Кульчицкий-сын    по праздникам шагал в колоннах пионеров. Присягал на верность существующему строю. Отец Кульчицкого — наоборот: сидел в тюряге, и угрюмел, и седел, — супец — на первое, похлебка — на второе.
В четвертый мая день (примерно) и девятый — ноября    в кругу семьи Кульчицкие обычно собирались. Какой шел между ними разговор? Тогда не знал, не знаю до сих пор, о чем в семье Кульчицких    препирались. Отец Кульчицкого был грустен, сед, в какой-то ветхий казакин одет. Кавалериста, ротмистра, гвардейца, защитника дуэлей, шпор певца[19] не мог я разглядеть в чертах отца, как ни пытался вдуматься,    вглядеться.
Кульчицкий Михаил был крепко сбит, и странная среда, угрюмый быт не вытравила в нем, как ни травила, азарт, комсомолятину его, по сути не задела ничего, ни капельки не охладила пыла.
вернуться

19

Кавалериста, ротмистра, гвардейца, / защитника дуэлей, шпор певца…

Об отце Михаила Кульчицкого, к которому относятся эти строки, Слуцкий рассказывает в очерке «Мой друг Миша Кульчицкий»: «Я его хорошо помню. Он был мрачный, угрюмый, печальный, суровый, важный, гордый. Еще двадцать эпитетов того же ряда тоже оказались бы подходящими.

Сейчас я впервые в жизни подумал, что он был очень похож на сына, на Мишу: то же широкое, полноватое лицо, та же бродячая усмешка. Только она бродила помедленнее.

Отец Миши был одет в старую, вытертую тужурку. Он всегда молчал. Я не помню ни одного разговора с ним. Было бы удивительно, если б он заговорил. Я бы обязательно запомнил.

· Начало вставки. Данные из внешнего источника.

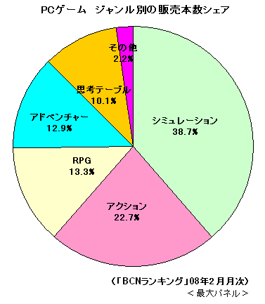 最後に、ジャンル別の販売本数シェアを見ていこう。ゲームというとRPGを思い浮かべる人が多いかもしれないが、PCゲーム市場では恋愛シミュレーションや戦略シミュレーションなどのシミュレーションゲームの人気が高い。直近の08年2月月次ではシミュレーション38.7%、アクションが22.7%、RPGが13.3%、アドベンチャーが12.9%、といった割合だ。PCゲームでは腰を落ち着けてじっくり遊ぶゲームの人気が高いといえそうだ。(BCN・山下彰子)
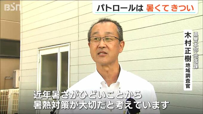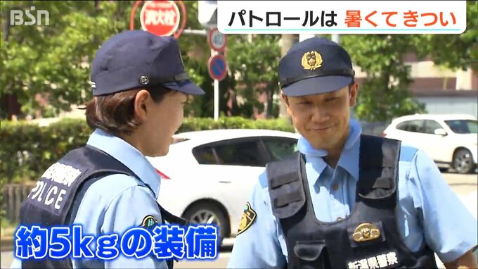 パトロールする警察官は、鉄板入りのチョッキなど、およそ5kgの装備を身に着けていて、夏場は特に体温が上がるばかりか、体力も激しく消耗しているのです。
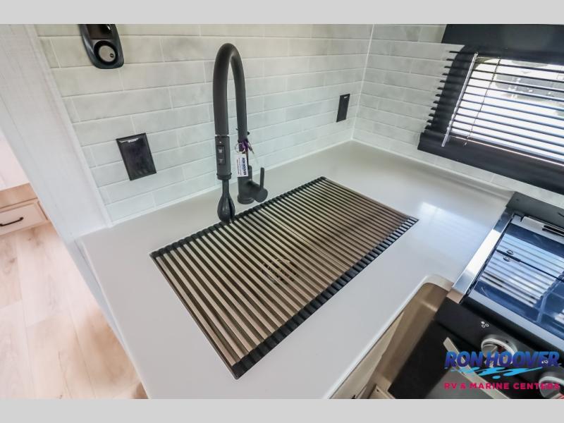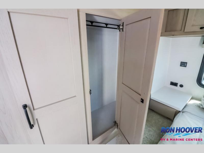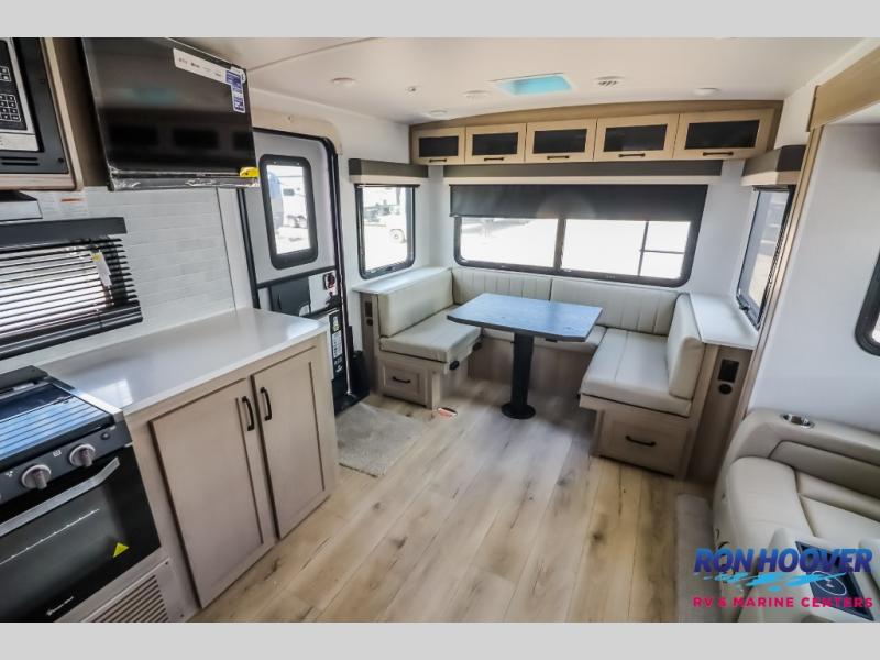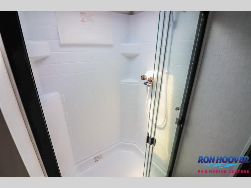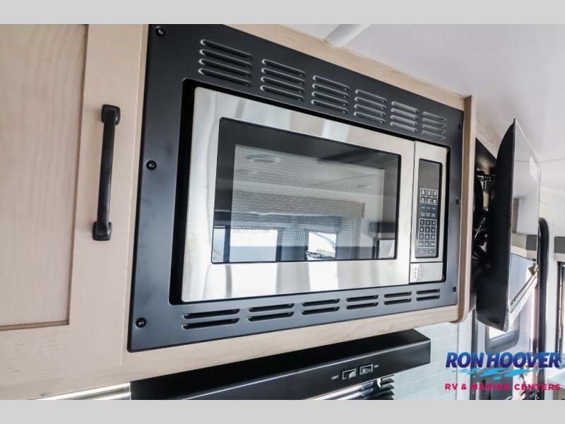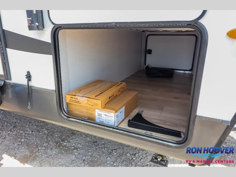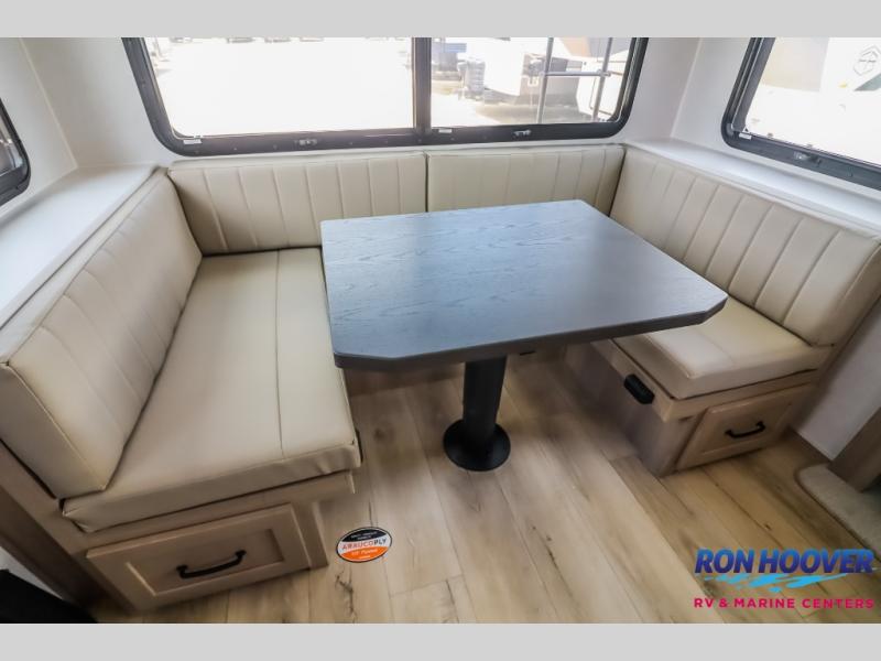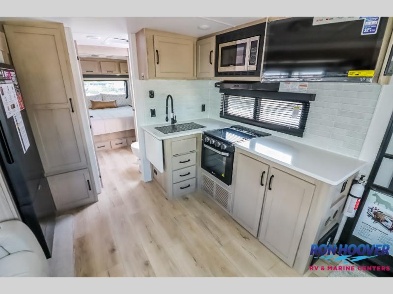It will be so easy to enjoy time at the campground in this cozy travel trailer. The full kitchen includes a three burner gas oven, a microwave oven, and a 12V refrigerator to cook and store food, and the pantry will let you stock up on snacks. Your crew can get comfortable on the theater seat or around the rear U-shaped dinette, and there is a 12V smart entertainment TV here to make it a movie night. The walk-thru bath will let you freshen up each day, and the queen bed in the front bedroom is sure to bring comfort. You will also find one of the dual entry doors here for convenience plus a wardrobe slide out for more storage and floor space. The exterior is just as accommodating with its pass-thru storage, exterior griddle, and 21' awning!

Зато Миша об отце говорил часто.

Однажды был длинный рассказ о том, как Деникин послал отца на связь с Колчаком через закаспийские пустыни. Несколько месяцев спустя выяснилось, что история восходит к „Сорок первому“ Бориса Лавренева. Будучи пойман, Миша не отрицал. Он усмехался.

Была еще литературная история (из Лескова) с офицерами, картежом, перчатками и дуэлями. Дело было в том, что на отце все эти истории сидели очень удобно и пригнанно…

В справочнике Тарасенкова помечены два сборника стихотворений отца. Но мне помнится, Миша показывал целую пачку книжиц. Среди них были и стихи, и проза — рассуждения об офицерстве, о гвардейской чести, о традициях русского оружия…

Были еще… статьи против Короленко. Спор у отца с Короленко шел о дуэлях. Кульчицкий защищал офицерские дуэли, Короленко клеймил их как варварство, и, хотя Короленко отзывался о Кульчицком без церемоний, сам факт печатного спора с ним переполнял наши души гордостью».